Lately, I have been working applications which require data from an external source to be loaded into the local database. One such application is Sydrea (in the making!), which requires the Drug information to be loaded. Drugs@FDA is freely downloadable compressed zip file which contains about 9 CSV files having Drug related data.
The usual path to data loading is through a rails runner script. I was tired of writing, testing different scripts to load data. I had to come up with one general script which, with minimal customizations, could load data into whatever table.
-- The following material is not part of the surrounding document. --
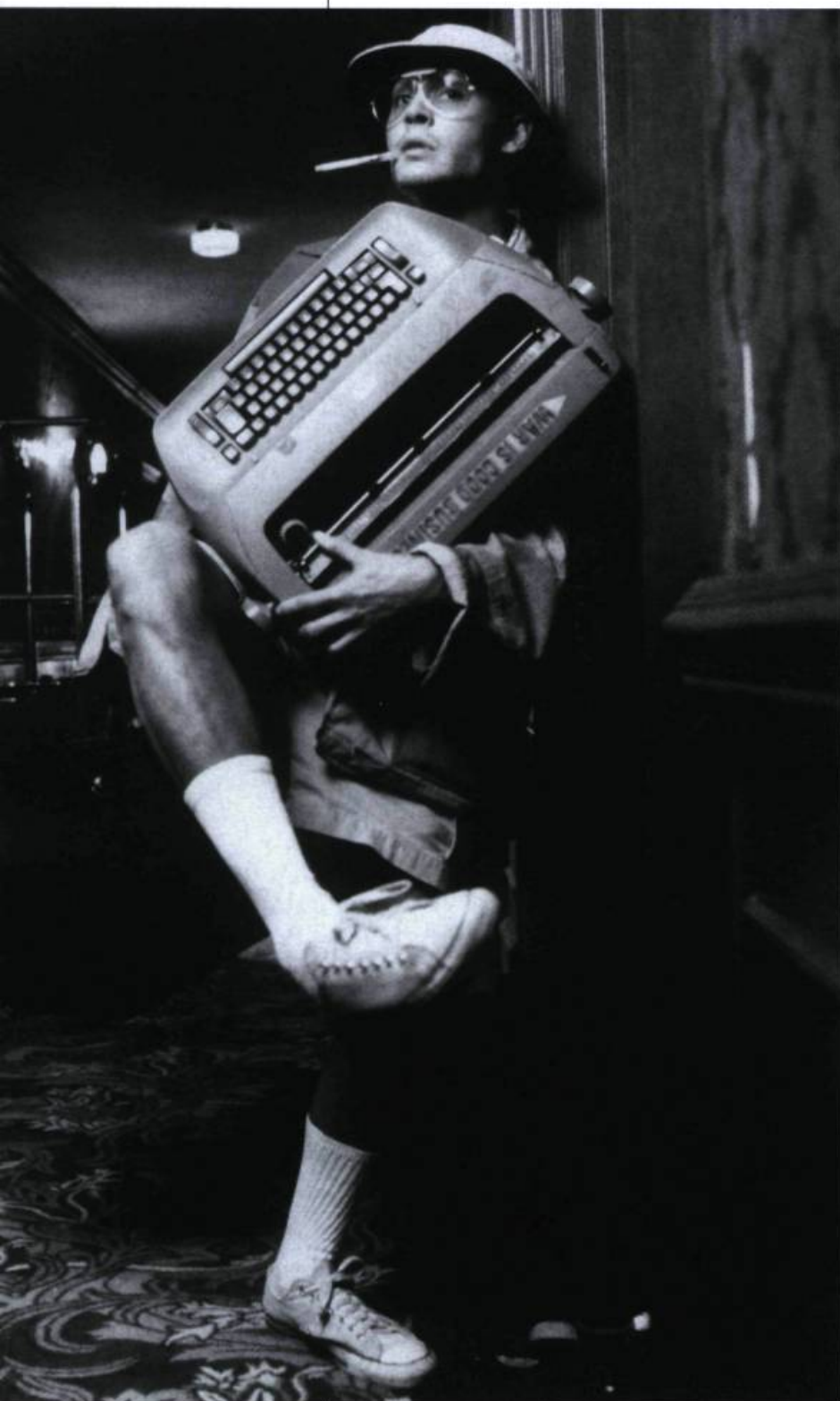
Johnny Depp dans Fear and Loathing in Las Vegas

réduite aux affirmations de Raoul en voix off , formulées entre deux doses de LSD. Le cinéaste préféra manifestement miser sur l'aspect tape-à-l'œil de l'espace américain vu à travers les yeux (rouges...) de Duke et Gonzo. En fait, le contenu et la forme de Fear and Loathing in Las Vegas se fondent en une symbiose de l'excès: excès des hallucinations (rarement lucides demeurent les personnages), excès des effets de style (surenchère d'images distordonnées, de gros plans et de panoramiques accélérés) et excès des clins d'œil (on pense trop souvent aux Doors et à Natural Born Killers d'Oliver Stone; quant aux apparitions éclair de Mark Harmon, Christina Ricci et... Thompson lui-même, elles ne génèrent que bien peu d'enthousiasme). Gilliam n'a tout simplement pas su trouver une véritable ligne directrice afin de structurer les délires de l'auteur — qui, s'ils parviennent à saisir l'aspect scabreux du roman, finissent par lasser — et injecter au tout une certaine distance et un peu d'humour.

I created the required models and tables. Database schema for the tables to hold drug related information is available at the Drugs@FDA website. I started with defining a Hash mapping the file containing data, to the Object.
files = {
'AppDoc.txt' => 'AppDoc',
'AppDocType_Lookup.txt' => 'AppDocTypeLookup',
'application.txt' => 'Application',
'ChemTypeLookup.txt' => 'ChemicalTypeLookup',
'DocType_lookup.txt' => 'DocTypeLookup',
'product.txt' => 'Product',
'Product_tecode.txt' => 'ProductTECode',
'RegActionDate.txt' => 'RegActionDate',
'ReviewClass_Lookup.txt' => 'ReviewClassLookup'
}
What I need to do now is iterate over this hash, read file whose name is given by the Key
and create new objects of the type Value
. To the AR's new
method you can pass a hash with key names matching the associated table column names. The column names are given by the file headers. Now, I need a method which would take two arrays and return me a hash. Like given
arr1 = ['col_name1', 'col_name2']
arr2 = ['val1', 'val2']
would return
{
'col_name1' => 'val1',
'col_name2' => 'val2'
}
I came up with a method that does exactly that and I added it to the Array class:
class Array
def self.to_hash(headers, values)
hsh = Hash.new
headers.each_with_index do |h, i|
hsh[h.underscore] = values[i]
end
hsh
end
end
Then, we're all set to put everything together and load data:
require 'rubygems'
require 'fastercsv'
files.each do |key, value|
file = "#{RAILS_ROOT}/db/drugsatfda/" + key
recs = 0
puts "Working with #{value.pluralize}.."
FasterCSV.foreach(file, :headers => true) do |row|
begin
obj = value.constantize.new(Array.to_hash(row.headers, row.fields))
obj.save
recs += 1
rescue => e
puts "Rows processed: " + recs.to_s
puts e
end
end
puts "Loaded #{recs} #{value.pluralize}"
end